Karri Kindergarten





Last Thursday, on a beautiful, still, sunny morning Karri Kindergarten were invited to join Silver Birch Kindergarten around the campfire at bush kindy to meet some very special guests. Aunty Eliza and Aunty Annette are Noongar elders whom Bruce wanted our children to meet. The children welcomed and sang songs for them. Then, as Kristy tended the fire and baked a cake in the dutch oven, they shared many aspects of their childhoods, including the simple toys which they made from found materials to play with as children. After listening to their stories, the children had an opportunity to play with the toys. The dolls were cuddled, sung to, then wrapped in coats and put to bed in the shelter. A couple of the children spontaneously made their own dolls from sticks and leaves. To see this beautiful connection between the dolls, made from bottles and scraps of cloth, and the children, was a reminder of the joy to be found in the simplest of playthings.

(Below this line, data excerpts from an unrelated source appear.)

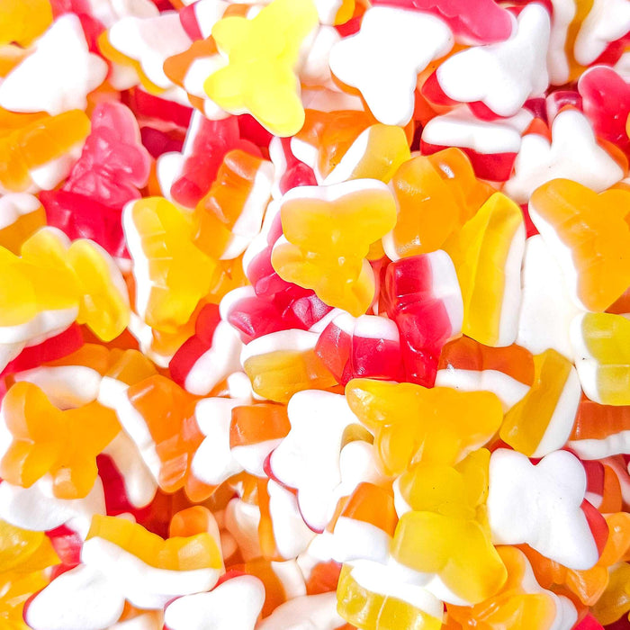 Indulge in authentic Swedish candy with fruity flavours and dual textures: a soft fruit foam side paired with a chewy gummy underside—shaped like delightful butterflies. Perfect for pick‑and‑mix assortments, party bags, and bulk orders.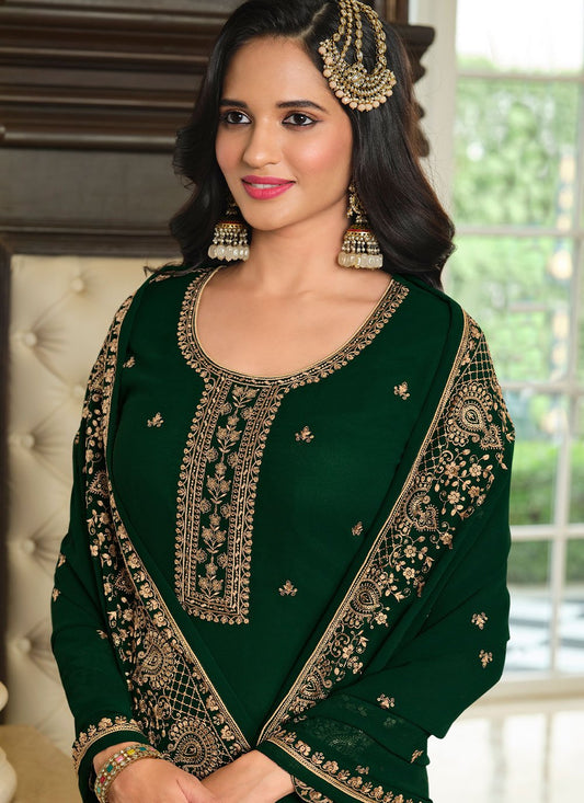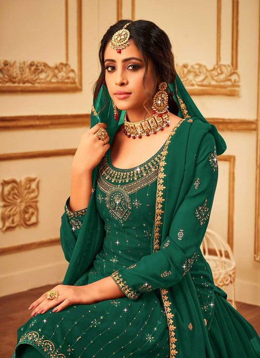 Pakistani Salwar Suit Georgette Green Embroidered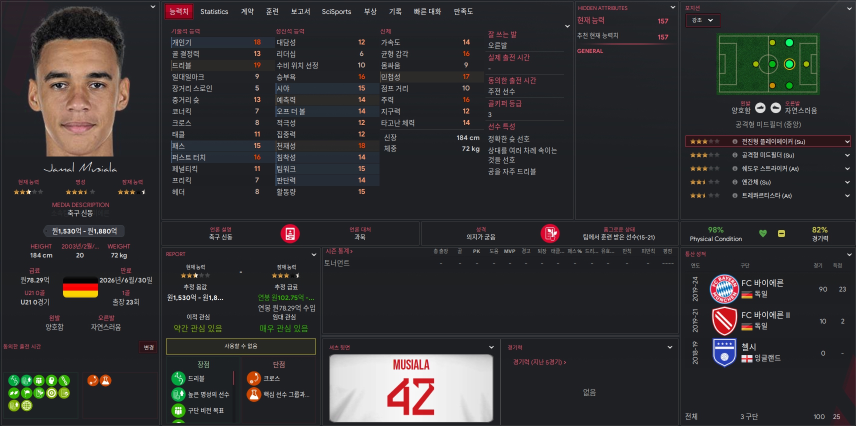 Jamal Musiala 선수는 김민재 선수가 활약하고 있는 '바이에른 뮌헨'의 특급 유망주입니다. 20세의 어린 나이에 개인 능력치가 매우 높은 선수입니다. 중앙 공격형 미드필더 뿐 아니라 왼쪽 윙어 역할도 자연스럽게 할 수 있으며 오른쪽 윙어 및 중앙 미드필더까지 소화 가능한 다재다능한 선수입니다. FM2024 포텐도 94점으로 중앙 공격형 미드필더에서 최고 높은 점수를 보여주고 있고, 고정 포텐이라 믿고 쓸 수 있는 선수입니다.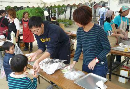 模擬店では、本校の役員さんと教員がフライドポテトを担当しました。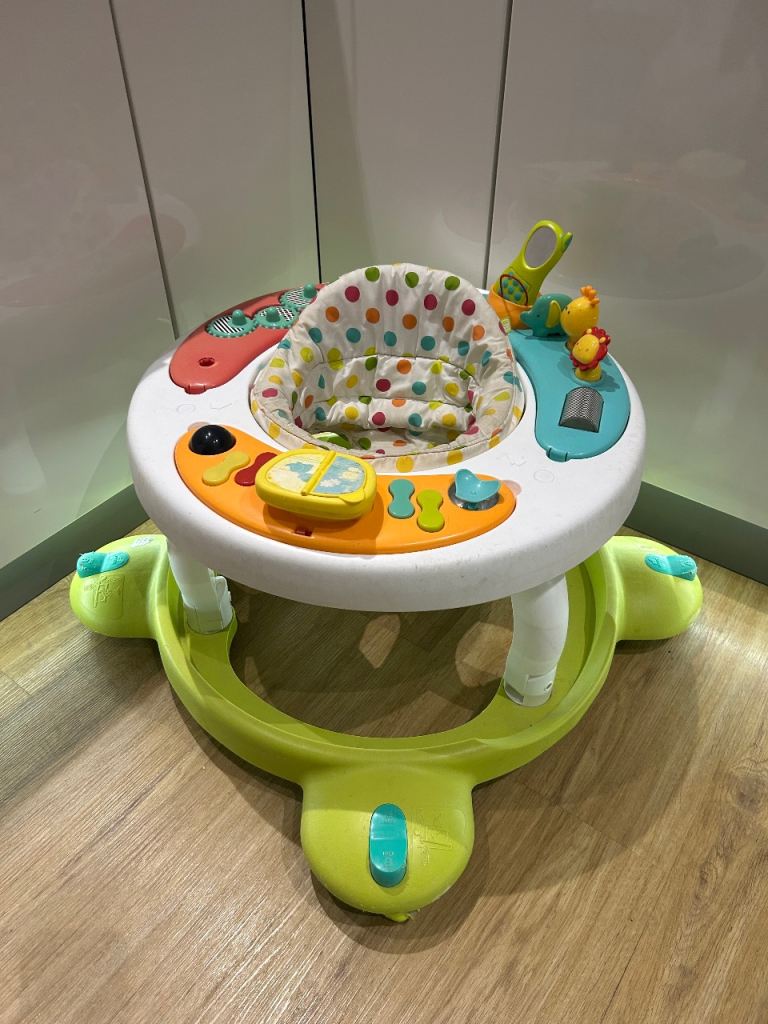The Mothercare baby walker with a 360 degree removable seat is designed for young infants to help them learn to walk. Made by the reputable brand Mothercare in the United Kingdom, this walker features a safari theme, making it engaging and fun for babies. The removable seat allows for easy cleaning and transition as babies grow and develop their walking skills. This product provides a safe and supportive environment for babies to explore and take their first steps confidently.

It is a primordial need for a child to have a doll to love, care for and carry around. With the doll, the child can imitate the parenting he/she has experienced from the mother and father, and can also share his/her joys and fears, as the doll is an image of the self, often even sharing the same name. The child doesn't experience the outer beauty of the doll, but instead what he/she brings to the doll from their own being.
In Karri Kindergarten we have some simple hand-made dolls available for the children to play with each day. Rarely would a morning go by when they are not woken, have their clothing changed, wheeled around in the wicker pram, or carried in a “sling” made from a cloth, fed breakfast, and talked to. They are an integral part of the self-directed play of our kindergarten, and really loved by the children.

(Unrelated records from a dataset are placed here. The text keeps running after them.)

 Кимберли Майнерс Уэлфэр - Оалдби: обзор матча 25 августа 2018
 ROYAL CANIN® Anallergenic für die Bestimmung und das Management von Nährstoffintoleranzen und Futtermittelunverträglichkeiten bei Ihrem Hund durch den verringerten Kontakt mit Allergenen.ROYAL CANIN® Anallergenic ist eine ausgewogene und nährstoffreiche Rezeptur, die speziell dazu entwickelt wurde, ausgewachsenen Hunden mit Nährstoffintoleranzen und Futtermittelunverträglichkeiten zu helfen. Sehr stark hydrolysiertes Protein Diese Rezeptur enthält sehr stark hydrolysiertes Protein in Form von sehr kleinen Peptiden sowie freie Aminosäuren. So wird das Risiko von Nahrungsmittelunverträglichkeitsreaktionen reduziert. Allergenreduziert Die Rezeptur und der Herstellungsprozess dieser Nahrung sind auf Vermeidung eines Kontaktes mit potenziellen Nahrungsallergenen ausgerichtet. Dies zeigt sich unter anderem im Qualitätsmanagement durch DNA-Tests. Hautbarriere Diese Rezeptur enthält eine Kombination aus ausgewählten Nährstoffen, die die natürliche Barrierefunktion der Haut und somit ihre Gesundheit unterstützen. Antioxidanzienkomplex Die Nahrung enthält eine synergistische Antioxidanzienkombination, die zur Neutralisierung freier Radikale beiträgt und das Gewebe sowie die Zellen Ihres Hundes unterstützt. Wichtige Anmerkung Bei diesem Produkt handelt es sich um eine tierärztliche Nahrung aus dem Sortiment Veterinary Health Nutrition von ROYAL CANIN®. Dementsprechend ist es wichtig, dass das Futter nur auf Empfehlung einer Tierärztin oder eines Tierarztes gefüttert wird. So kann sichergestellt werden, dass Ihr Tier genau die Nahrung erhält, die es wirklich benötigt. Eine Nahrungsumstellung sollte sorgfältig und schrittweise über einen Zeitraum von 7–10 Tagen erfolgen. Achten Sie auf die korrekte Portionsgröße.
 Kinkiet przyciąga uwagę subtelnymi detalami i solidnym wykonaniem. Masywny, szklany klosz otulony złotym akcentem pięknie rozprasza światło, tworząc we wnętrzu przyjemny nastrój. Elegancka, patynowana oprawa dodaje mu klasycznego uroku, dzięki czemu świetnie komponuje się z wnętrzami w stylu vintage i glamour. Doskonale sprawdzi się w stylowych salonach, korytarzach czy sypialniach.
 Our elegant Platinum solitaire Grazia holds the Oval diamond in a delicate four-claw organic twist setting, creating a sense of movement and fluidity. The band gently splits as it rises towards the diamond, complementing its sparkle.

Rudolf Steiner spoke about the importance of a simple doll as a toy in the first seven years. The more simple the form of the doll, the more the child can bring through the imagination. A mass produced doll may have a painted on smile so that it always looks happy, yet a home made cloth doll can have such simple features (or perhaps even no face at all), so that it can imbue any emotion at all. The power of the imagination needs to be exercised, just as human muscles are strengthened by use, and by providing simple toys, including dolls, and better still ones the children make themselves, this capacity is given a chance to develop. Before mass-production, dolls, like people, were unique. A hand-crafted doll is one-of a kind, an individual which carries the spirit of the maker in it’s stitches and absorbs the spirit of the child who loves it. I think the loving gestures of the children as they played and cared for the Auntie’s dolls that day, demonstrated an innate feeling for the creative force that produced those simple playthings and in this way the seed for a healing connection was planted.
Many thanks to Bruce for all his work with bush kindy and with introducing such rich experiences for our children,and to Kristi too, for all she does to nurture and support.